The non-x86 growth is largely being fueled by high demand for Nvidia Blackwell chips, Fernandez explained, as well as moves by the Chinese government to support local manufacturers such as Huawei, which is now one of the main suppliers of ARM processors for the Chinese market.
“We’re thinking the ARM pipeline will continue growing, because the appetite for adopting Blackwell chips that are ARM-based and have GPUs embedded in them is really high,” said Fernandez.
Longer-lasting infrastructure
GPUs that could be embedded in servers became more broadly available in 2024, contributing to the market growth. Most of that inventory has so far been consumed by cloud service providers (CSPs) and large hyperscalers, which means availability will open up for other enterprises in 2025, Fernandez noted.
“We can probably expect 2025 to be a year of strong investment,” she said, adding that access to supply is “getting much better.”
At the beginning of 2024, the wait time for GPUs was a lengthy 36 weeks. But, she pointed out, “the largest buyers in the world already have their infrastructure, so there’s going to be more availability.”

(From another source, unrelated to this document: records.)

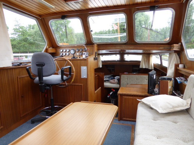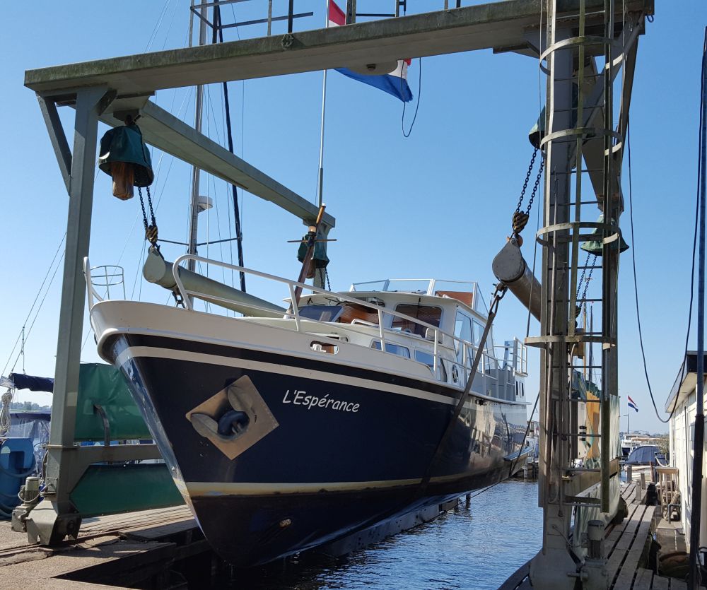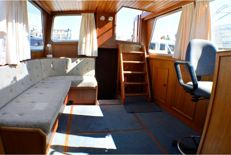 Eine Blauwe Hand 1170, Baujahr 1982 mit einem 6-Zylinder Mercedes Dieselmotor erfüllt die meisten unserer Anforderungen. Schnell ein Besichtigungstermin im Verkaufshafen des Maklers in Loosdrecht vereinbart und schon ein Wochenende später steht fest, dass die L'Esperance unser zukünftiger Reisebegleiter auf den Kanälen und Seen der Niederlande sein wird.
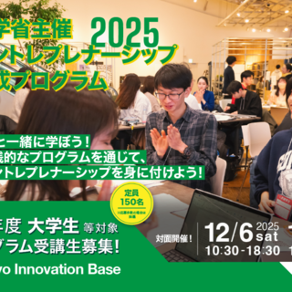 2025年12月6-7日の二日間、文科省が主催する全国アントレプレナーシップ人材育成プログラムが開催されます。本プログラムは、社会課題の解決やビジネスでの起業など、新しいことへの挑戦や行動する際に役立つアントレプレナーシップを体感してもらうのが狙いです。
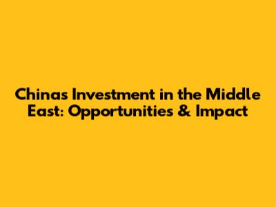 China's Investment In The Middle East: Opportunities & Impact
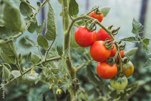 Tomatoes on a twig grow in a greenhouse. A twig of several tomatoes growing in a greenhouse. Red ripe tomatoes on the bush.
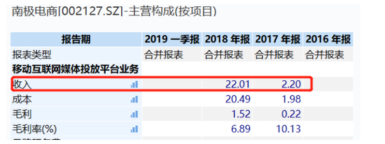 值得注意的是,公司方面或许也是关注到了自身业绩过于抢眼,2017年公司花了9.56亿元,溢价31.73倍做了一起并购,收购了移动互联网广告服务商时间互联。进入南极电商后的时间互联业绩增速惊人,2017年其提供的移动互联网媒体投放平台业务营收规模仅2.2个亿,占南极电商总营收的20%左右,而2018年这个数字到达了22.01亿元,1年时间增长了近10倍,规模超过了南极电商总营收的六成。
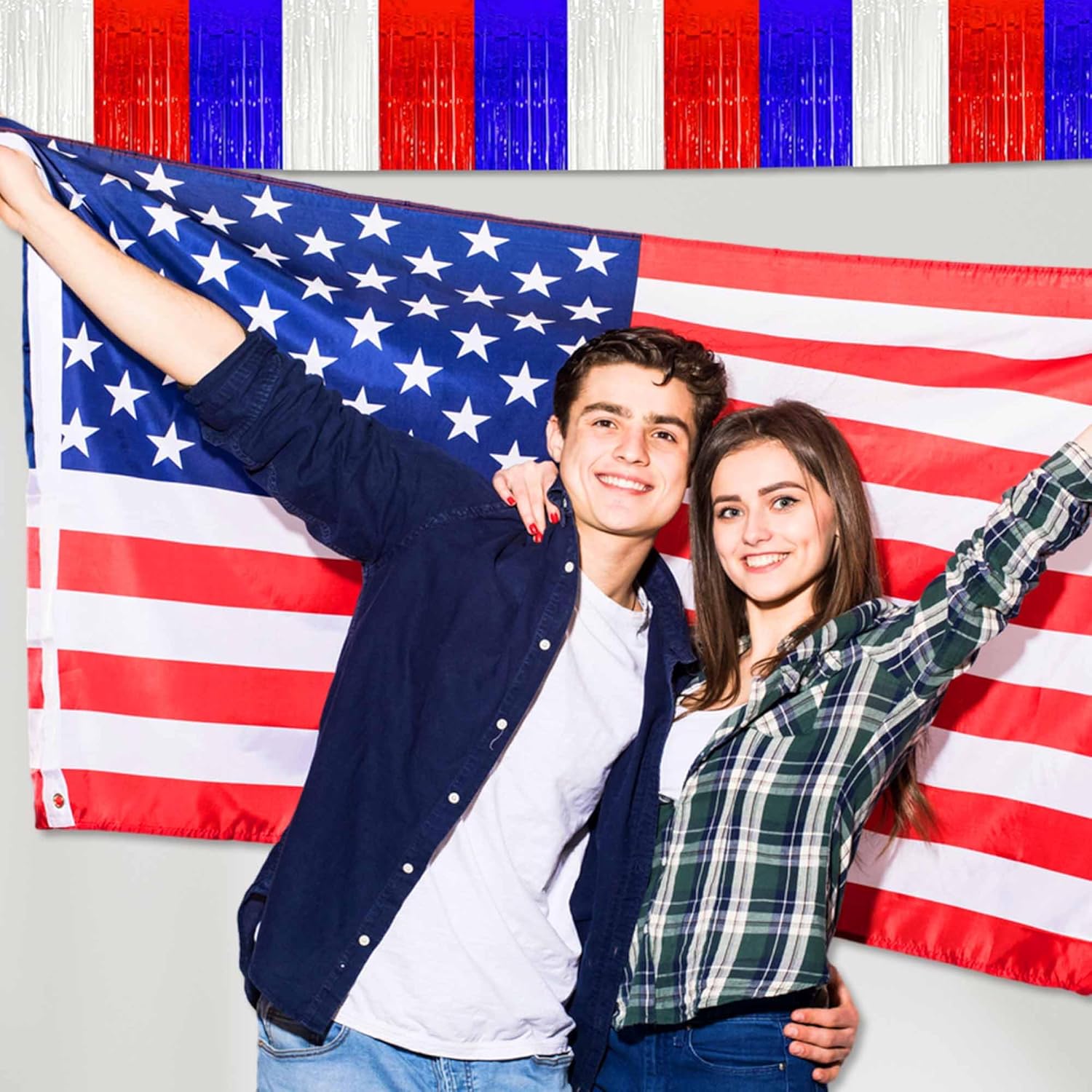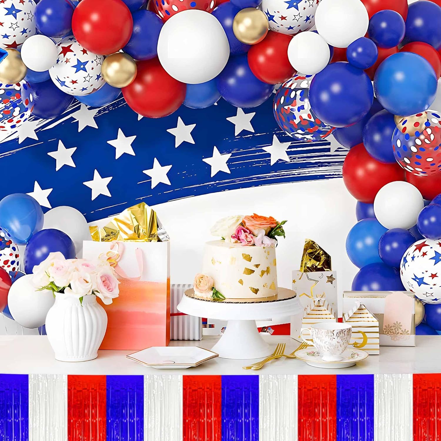 4 Pack 10 Ft White Blue Red Foil Fringe Garland Metallic Streamers Tinsel Banner Wall Hanging Garland Backdrop for Parade Floats, Halloween, Christmas, Thanksgiving, New Year Party Decorations
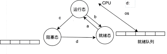 所谓的就绪态就是一个就绪队列(由OS内核维护),和CPU交互就靠就绪队列,即:CPU和就绪队列之间实现了通信(OS中的代码可以实现:CPU从就绪队列中取东西,也可以把CPU中正在运行的东西放到就绪队列中)
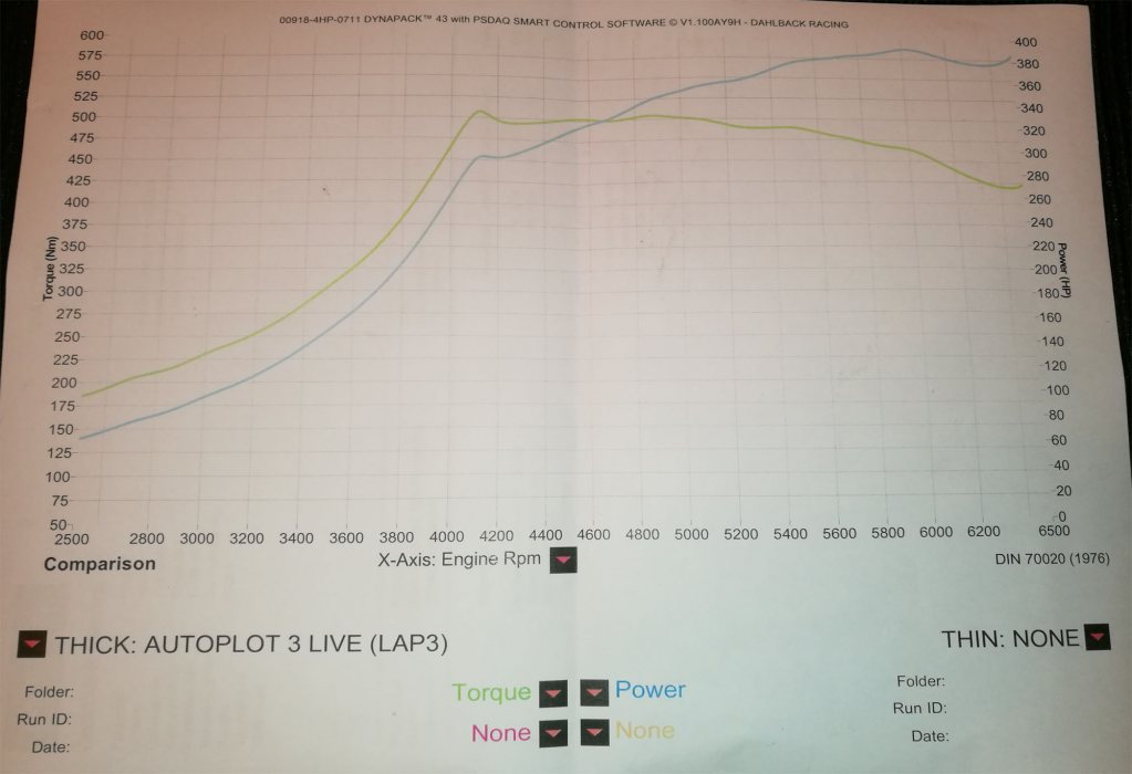 Enligt tråden 390 whp @ 6000 rpm och 510 Nm @4100 rpm
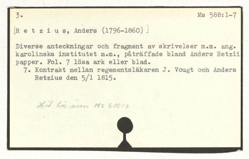 Diverse anteckningar och fragment av skrivelser m.m. ang. karolinska institutet m.m., påträffade bland Anders Retzii papper. Fol. 7 lösa ark eller blad.
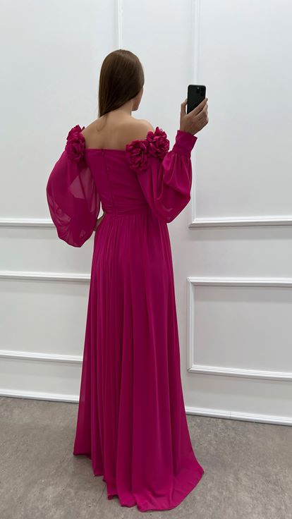 فستان فوشيا على شكل صدر وردي وأكمام من الشيفون مقاس كبير
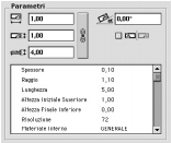 Nella prima riga devono essere indicati i materiali delle facce del prism_. nella seconda riga troviamo: n=numero dei nodi del bprism_; h=spessore di estrusione; radius=raggio di curvatura. Nella terza riga sono specificate le coordinate dei nodi ognuna delle quali è seguita dal proprio codice di mask per il quale vi rimando all'esauriente articolo di Avelino De Sabbata nel numero 11 di M/A Relais. Prendendo ispirazione dal tema di partenza dei parapetti circolari con altezza crescente vediamo di costruire un bprism_ parametrico che possa servire a quello scopo; vedremo poi che può essere utile anche per altri utilizzi.
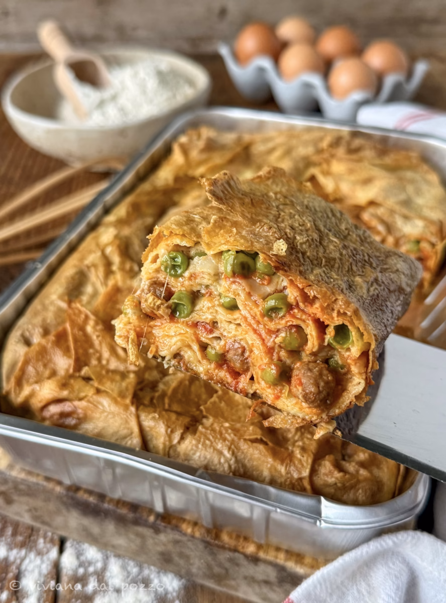 Il timballo teramano non si racconta partendo dal risultato finale, si capisce osservando come prende forma. È una costruzione paziente, una ricetta tipica della tradizione abruzzese, fatta di strati sottilissimi che si susseguono uno dopo l’altro, senza fretta.
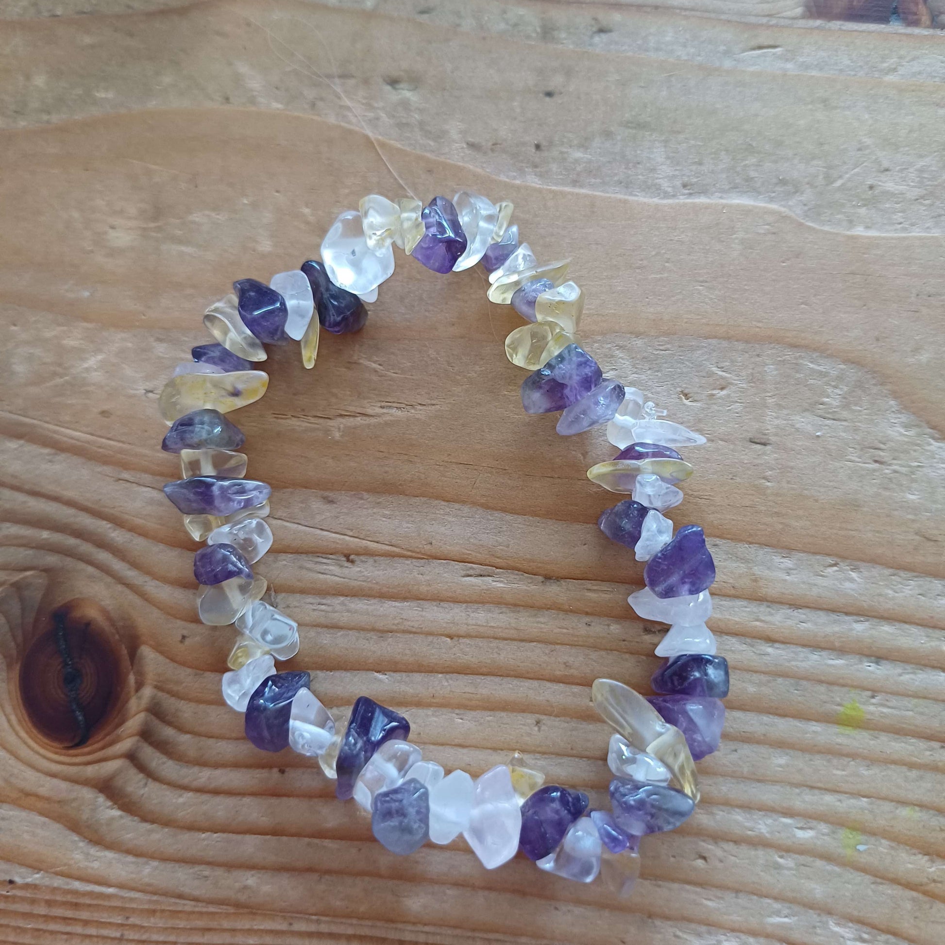 Elevate your spirit with this exquisite gemstone bracelet featuring amethyst, rose quartz, rock crystal, and citrine. Each stone brings its unique energy—amethyst for calm, rose quartz for love, rock crystal for clarity, and citrine for positivity. Wear it to inspire balance, harmony, and confidence in your daily life.
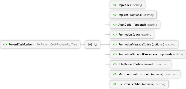 FileReferenceNbr Element MaximumCashDiscount Element TotalRewardCashRedeemed Element PromotionDiscountPercentage Element PromotionMessageCode Element PromotionCode Element AuthCode Element RspText Element RspCode Element All RewardCashRedeem Element
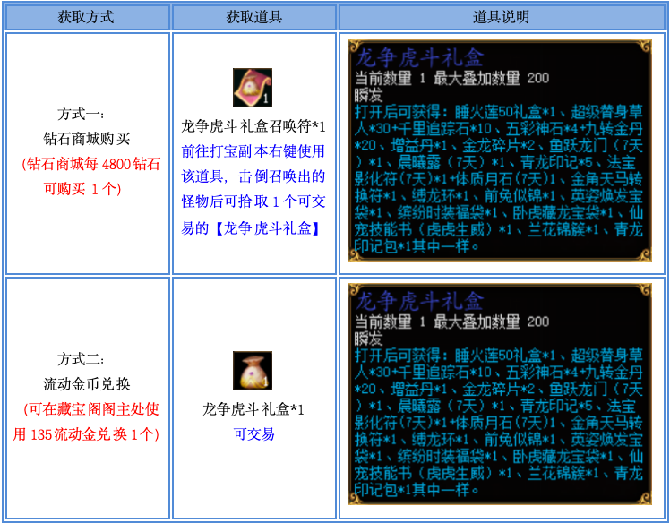 2、【龙争虎斗礼盒召唤符】仅限钻石商城购买,通过摆摊购买、互相交易、邮件领取、拍卖购买等非钻石商城购买方式获得的,均不计算在活动内;

However, the industry will come to a point where it begins to digest all the infrastructure that’s been acquired, so investment will likely begin to slow in 2026, she said. Enterprises are beginning to move into different phases of AI deployment that don’t require as many resources. Initial model training, for instance, requires a good deal of infrastructure investment up front, but that infrastructure can be repurposed for later inferencing and fine-tuning steps.